* [Assignment]:
Return the lines of the material below exactly, beginning with the line that has "December Mare Sale" in it and finishing with the line that has "打卡丰都的包面。其实真正的包" in it. Leave all pictures aside.

* [The input]:
________________________________________
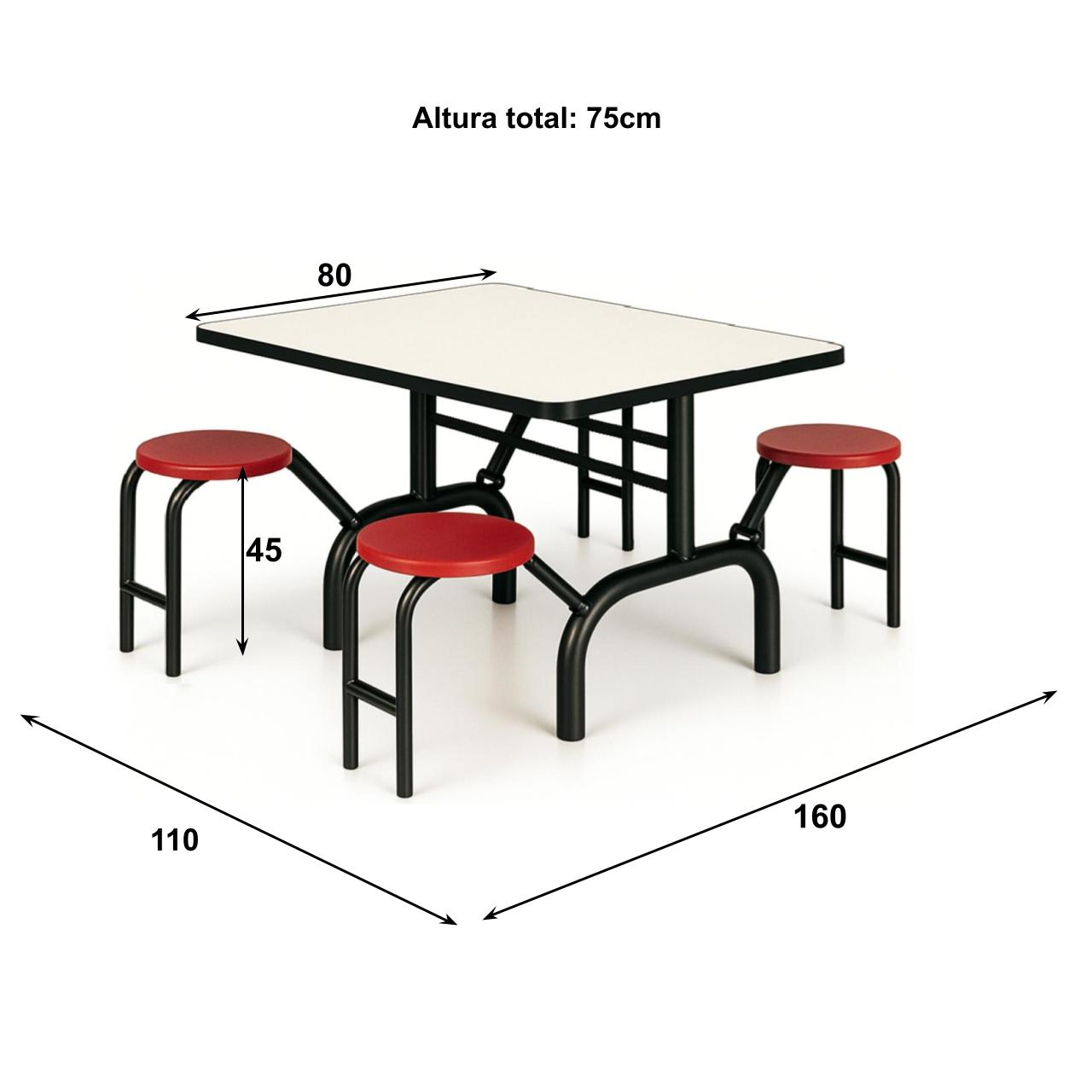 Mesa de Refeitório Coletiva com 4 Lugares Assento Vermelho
________________________________________
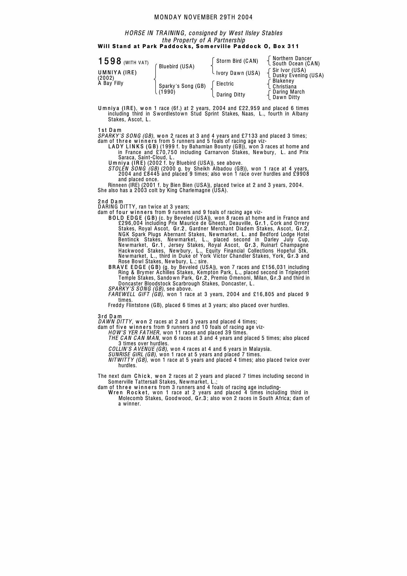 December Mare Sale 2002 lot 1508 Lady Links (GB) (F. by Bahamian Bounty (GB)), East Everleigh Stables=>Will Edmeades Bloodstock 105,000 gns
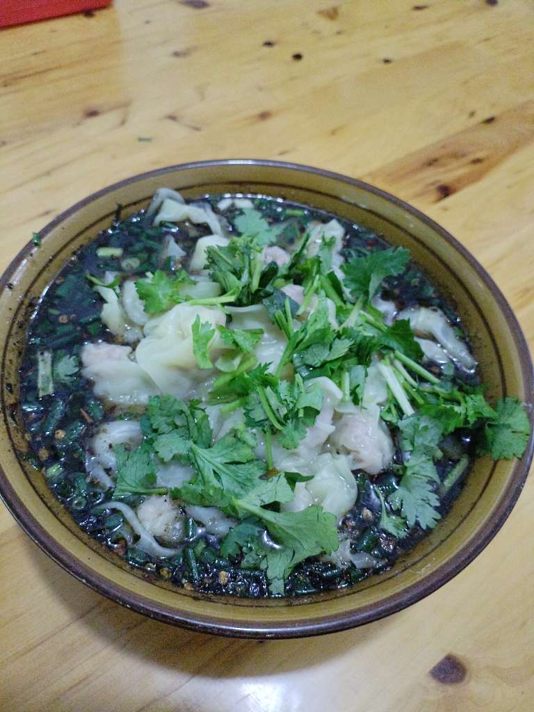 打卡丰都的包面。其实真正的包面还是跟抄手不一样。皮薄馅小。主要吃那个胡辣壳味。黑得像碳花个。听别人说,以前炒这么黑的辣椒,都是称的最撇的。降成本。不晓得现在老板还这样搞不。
________________________________________
* [Answer section]:
 December Mare Sale 2002 lot 1508 Lady Links (GB) (F. by Bahamian Bounty (GB)), East Everleigh Stables=>Will Edmeades Bloodstock 105,000 gns
 打卡丰都的包面。其实真正的包面还是跟抄手不一样。皮薄馅小。主要吃那个胡辣壳味。黑得像碳花个。听别人说,以前炒这么黑的辣椒,都是称的最撇的。降成本。不晓得现在老板还这样搞不。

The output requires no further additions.